AI is a rapidly evolving field that has unpredictable and potentially transformative impacts on society. It is plausible that AI will reach most human-level capabilities in the next few years.
In 2014, the most realistic face generated by AI was the one on the far left. Since 2023, it is possible to generate any type of image in any style from a text description (source).
Rapid advances in deep learning are remarkable, making it difficult for even the best experts to predict how AI capabilities will change in the short term. We saw it with the arrival of ChatGPT, whose advanced capabilities surprised many. For example, while GPT-3 could do just better than 10% of bar exam candidates, GPT-4 demonstrated its ability to outperform 68% of candidates. This leap forward highlights the impressive evolution of AI models in the space of one year.

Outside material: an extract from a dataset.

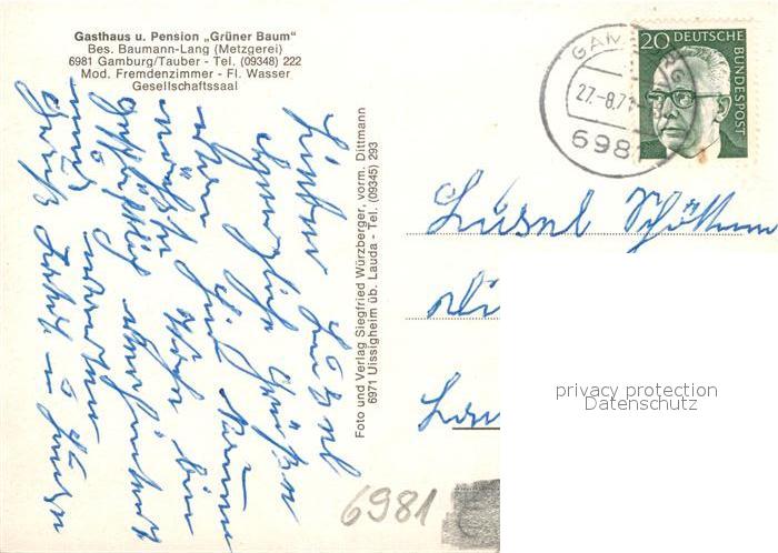 72991285 alte Postkarte Gamburg Burgaufgang Brunnen Wasserschloss Grafenkapelle postalisch gelaufen Erhaltung siehe scans [WerneD78] KatCode: 11110008128128

AIs are increasingly capable of autonomous planning. Until very recently, large language models (LLMs) were not standalone agents per se. However, systems such as AutoGPT, illustrate the conceptual possibility of converting these LLMs into autonomous agents. AutoGPT uses techniques such as scaffolding, which consists of making a language model like GPT-4 run in a loop until a specific objective is reached, by breaking that objective down into ancillary tasks. Other examples, such as IA Voyager — an AI playing Minecraft — show impressive planning skills, for example by exploring and developing their abilities in an open world game. By relying on GPT-4, it is able to plan, explore, and learn constantly by writing new code for new features that it stores in its long-term memory.

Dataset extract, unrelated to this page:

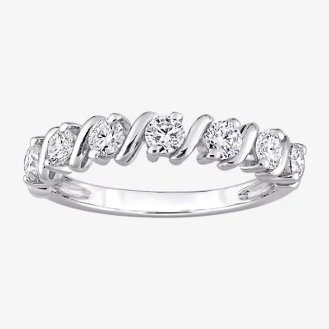 Womens 2MM 3/4 CT. T.W. Lab Created White Moissanite Sterling Silver Wedding Band

These language models demonstrate their ability to make increasingly general reasoning. For example, AI can now solve Olympiad geometry problems. It is also possible to ask the AI to explain its thought process. This is illustrated by the “Let's think step by step” method, also called the “chain of thought” technique, by which asking a model to explain the different steps it will use to answer a question or solve a problem improves its performance. Variations of this technique can further improve performance (for example,”Tree of Thoughts”, ”Reflexion”). It is possible that these models are not simply”stochastic parrots”. For example, interpretability studies like the one on OthelloGPT reveal internal representations of the world model: the LLM is able to build an accurate internal representation of the Othello board just by being trained to predict the next move.
There are still hurdles to overcome. At the beginning of 2024, machine learning still has its limits. For example, general machine learning systems do not make efficient use of the data provided to them, and continuous learning, i.e. being able to learn throughout the operation of the system, is not yet mastered.

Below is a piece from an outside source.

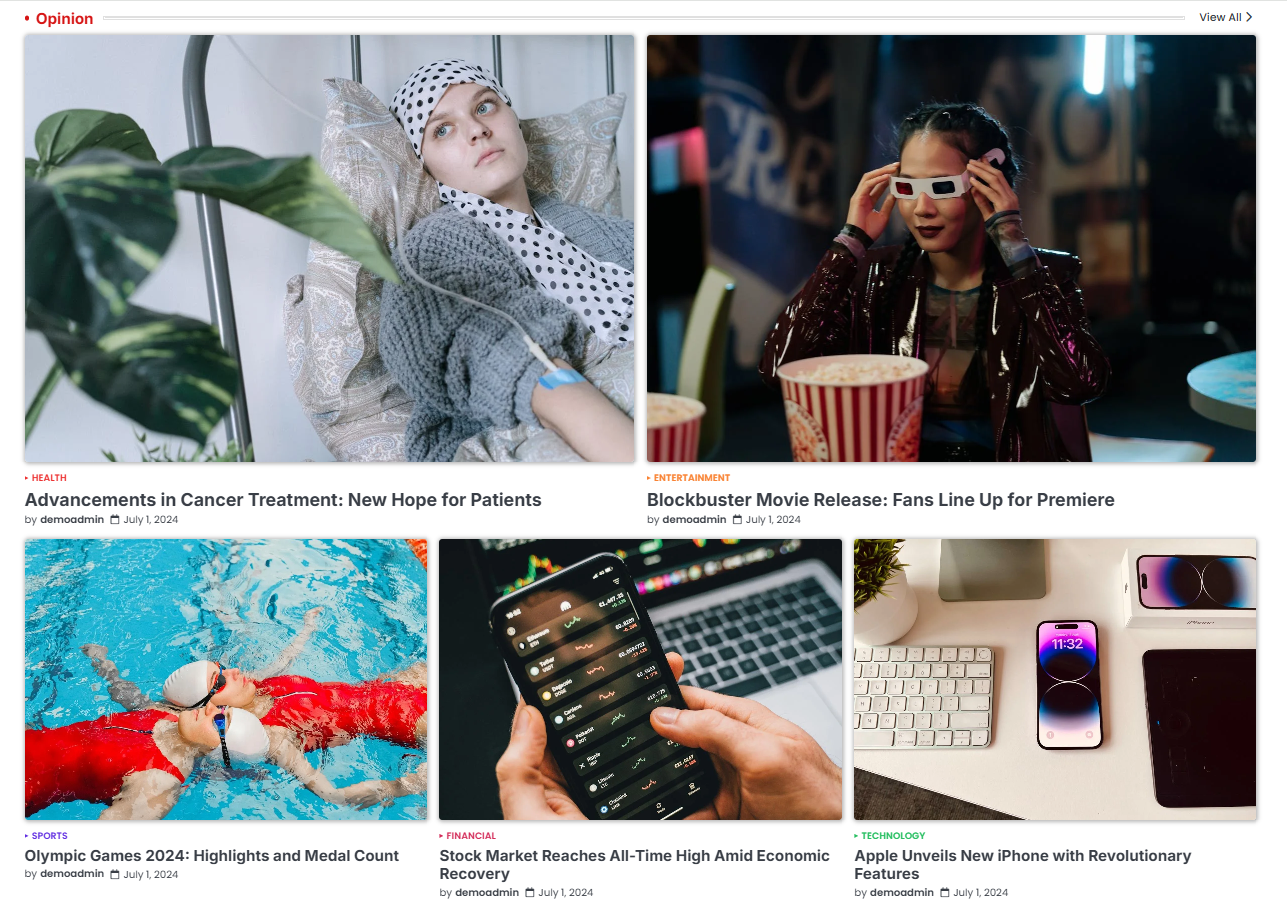 - Section Title: This setting allows the user to set the title for the first Posts Grid Widget.

But in Stuart Russell's words, we can ask ourselves what will happen if we succeed. The primary objective of AI research is to overcome the challenges that remain. If this mission is successful, we need to prepare for a future where it will be possible to automate most of the intellectual and physical work. Many experts now believe that it is likely that human-level AI (also known as artificial general intelligence) may appear before 2032.
We need to be prepared for it.
➡ For a thorough defense of why human-level AI is plausible in the coming years, you can read the chapter 1 of our course, which provides detailed arguments and answers the most common questions about AI development.
“There is no question that machines will become smarter than humans — in all areas where humans are intelligent — in the future, [...]. The question is when and how, not if.” 2
Yann LeCun, chief AI scientist at Meta and winner of the Turing Prize (MIT Tech Review, May 2023)
The risks associated with AI can be classified according to the responsibilities of the various parties:
Another way to look at this framework is to say that for malicious uses, a human or a group of humans is responsible; for alignment, an AI is “responsible” in the sense that its goals are not aligned with human values; and for systemic risks, no human or AI in particular is responsible; responsibility is more diffuse. Of course, this framework is not perfect, but it is intuitive.
Here is a partial breakdown of the issues in each category.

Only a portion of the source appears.